Is Kissing Cheating When In A Relationship
There are those who believe a man and woman should only be intimate in the confines of marriage. They think kissing can lead to nothing but trouble. Others take this belief one step further by believing it’s not merely inappropriate to “cheat” on your partner with a kiss, but actually cheating in general. Is this true? Or is there another way to look at it? Let’s examine some scenarios and see what we come up with.
Scenario 1 – You’re dating someone for awhile now and you’ve been very intimate. One day you decide to give her a peck on the cheek when she walks past you. She turns around expecting to get kissed back and gets surprised when you don’t. Instead, she feels like an object instead of a person because she expected reciprocation from you. And you feel guilty about it because it just isn’t right to treat any other human being as if they were an object. So you try again, only this time you go in for the full lips-full-of-tongue kiss. It doesn’t work out too well though. Afterward, she tells you how uncomfortable she felt during the whole thing. You tell her you didn’t mean anything bad by it. But deep down you know you did. Later on, you admit this was your first mistake because you didn’t realize how wrong it was. Now you want to stop doing it altogether. The problem here is that even after learning the lesson, you still have no clue why it made her so upset.
What happened here? Wasn’t it obvious? Did you forget that people like their personal space? If you had given her a little bit of space between them, maybe she wouldn’t have gotten all flustered. Yes, it may seem silly to you that she would have gotten uncomfortable over such a simple action, but we tend to react differently than we expect others to do. We often find ourselves reacting negatively to things that make us feel uncomfortable. That’s why it’s important to remember that things happen for reasons beyond our understanding. Maybe she wasn’t comfortable with it because it seemed forced. Perhaps she thought it was weird that you weren’t giving her your full attention while walking down the street like you normally would. Whatever the reason, she took it personally and got hurt. Why? Because she believed you meant harm when you gave her a light peck on the cheek.
It could also be that she just doesn’t like getting kisses like that. Perhaps she prefers a longer, more passionate type of kiss. What else might have caused her discomfort? Well, it could also be that she has an aversion to public displays of affection (PDA). This is where the idea that kissing leads to nothing but problems comes from. While PDA does create drama, it really shouldn’t. Sure, it causes arguments sometimes, but it doesn’t always. Some women prefer to keep their relationship private for fear that everyone will notice. Sometimes it’s better to respect their wishes rather than force yourself upon them.

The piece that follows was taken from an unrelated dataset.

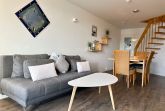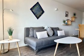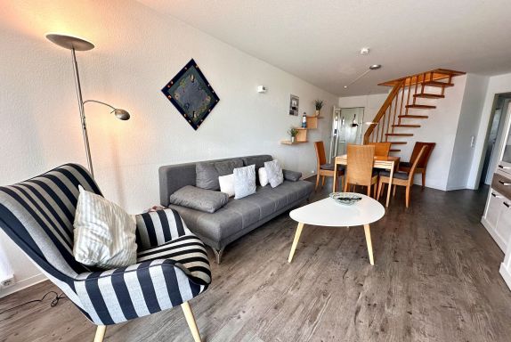 Unsere komplett ausgestattete Komfortferienwohnung T304 ist ca. 61qm groß und verfügt über 2 Schlafzimmer einmal Doppelbett, einmal zwei Einzelbetten), 1 Wohnzimmer, Sat-TV, Küchenzeile mit Geschirrspüler und Backofen, Bad mit Dusche und Badewanne, einen großen Balkon, Haustiere sind erlaubt. Die Wohnung geht über 2 Etagen, vom Wohnzimmer aus geht eine Spartreppe nach oben zum 2. Schlafzimmer.
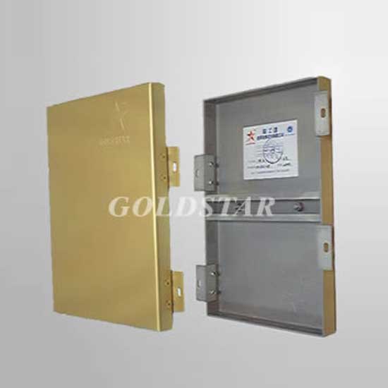 This curtain wall veneer features a golden toned PVDF coating for being unaffected by most chemicals and solvents. It is widely used for building decoration. Made of aluminum, this curtain wall veneer boasts sturdiness and durability.

Scenario 2 – Same scenario as above, except this time you decide to wait until you two are alone before doing anything physical. You walk hand-in-hand down the sidewalk and she goes into a store ahead of you. When you reach the door, you turn around and find that she has already left. Your heart sinks and you start thinking about what just happened. Then you remember you wanted to buy her some flowers. You figure you’ll pick up a bouquet tomorrow. On your way home, you pass the same flower shop and decide to surprise her tonight with roses. As luck would have it, she happens to be outside the store buying balloons. You grab her arm and pull her inside the store. Once she notices the flowers, she starts laughing and says she’d love to accept them, but she just bought balloons. You then ask her what she thinks about the fact that you waited until today to bring these flowers to her. She explains that she saw you coming toward her earlier and decided to leave early to avoid having to talk to you. She said she wasn’t sure whether she wanted to accept the gift because she knew you probably spent money on them. You apologize for making her worry and assure her that you won’t do it again. Still confused, she thanks you for the gesture and leaves.
So what happened here? First off, it’s pretty clear that you didn’t mean anything harmful by the kiss. You simply wanted to show her how much you cared about her. Even though it ended poorly, it didn’t end badly. There’s no real reason to believe she was cheated on. Again, it could be that she has an aversion to public displays of affection. Second, you apologized to her. She accepted your apology and thanked you for the gesture. Third, you didn’t pressure her into accepting the roses. Lastly, you let her choose what she wants. None of these actions indicate that you cheated on her.
As you can see, both scenarios point towards you not cheating on your significant other. However, one ends up causing drama and conflict whereas the other doesn’t. Which one do you think is best? I say go with option B. Let her choose. Don’t force your desires onto her. Also, if you think she’s feeling pressured, offer to call and set a date/time where you’ll drop off the flowers. Just be respectful of her needs and preferences. You can never please everybody anyway!